Despite its significant advantages, large model predictive technology is not without flaws; there remains a gap that urgently needs to be bridged from the laboratory to real-world application scenarios. Firstly, the model’s generation and reasoning capabilities do not equate to actual predictive capabilities. Some models perform excellently in simulated meteorological prediction tests but often “fail” in real severe convective weather warnings, simply because the test answers are embedded in the training data, while real predictions require comprehensive assessments of unobserved events—it’s easy to theorize, but challenging to execute. Secondly, retrieval enhancement addresses symptoms rather than root causes. Although pairing models with information retrieval improves prediction accuracy, it also indicates that the model relies solely on its memory, akin to guarding an old library, struggling to keep pace with real-world changes; real-time acquisition of the latest knowledge is crucial. Furthermore, hallucinations and factual instability pose core obstacles, akin to hidden time bombs.

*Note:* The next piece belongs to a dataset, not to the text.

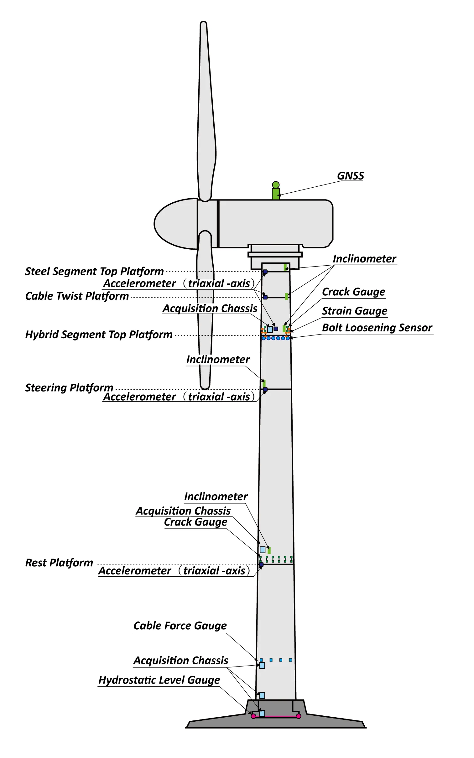 Asentamalla asiaankuuluvia antureita tuuliturbiinien torniin kunnonvalvontaa varten, tuuliturbiinitornin rakenneosien tärkeimmät valvontasisällöt tulisi sisältää: tornin tärinän valvonta, tornin kaltevuuden valvonta, yläsiirtymäosan jännitysvalvonta, tornirungon halkeamien valvonta, tornin siirtymän valvonta, tornin perustusten painumavalvonta, kaapelivoiman valvonta jne., jotta saavutetaan tavoite tuuliturbiinien turvallisesta käytöstä.
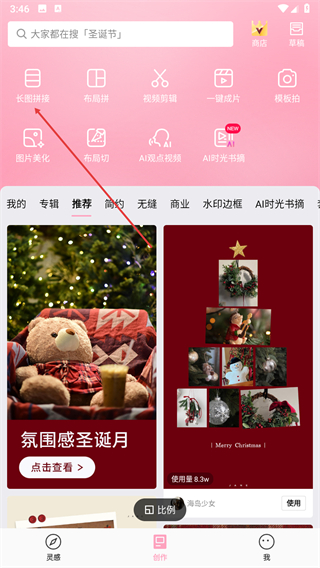 1、首先我們下載軟件之后打開進入創作界面,在這里可以看見長圖拼接、布局拼、一鍵切圖、一鍵成片等等。

Additionally, constraints related to cost, data, and evaluation systems make large-scale applications challenging. Training high-precision models requires vast computational resources, resulting in high development costs; in reality, time series data is fragmented and lacks uniform labeling, raising the question of how to produce quality outputs from inferior raw materials. Existing evaluation systems often emphasize numerical errors while neglecting factual stability, leading many models to appear excellent yet struggle to implement.

Looking ahead, the development direction of large model predictive technology is clear and focused, centering on “from powerful to trustworthy,” aiming to create a mature technical system that can stably serve real-world decision-making. Firstly, general large models will evolve into specialized foundational models for predictions, demonstrating stronger competitiveness in high-precision demand scenarios such as meteorology and finance. Secondly, tool enhancement will become an important direction, enabling models to autonomously invoke external tools like search and simulation, akin to equipping intelligent agents with treasure chests to better tackle complex scenarios. Thirdly, trustworthiness, controllability, and explainability will become research priorities; future prediction systems must not only achieve numerical precision but also quantify risks and trace judgment bases, which is key for high-risk scenario implementations. Fourthly, low-cost deployment and industrialization will accelerate; as inference costs decrease and open-source ecosystems improve, technology will transition from being exclusive assets of a few institutions to common tools across various industries. Lastly, domestic research will focus on localized adaptations, creating specialized models that align with the Chinese context and local data, ensuring that large models are more accurate, stable, and trustworthy in domestic financial risk control and government early warning scenarios.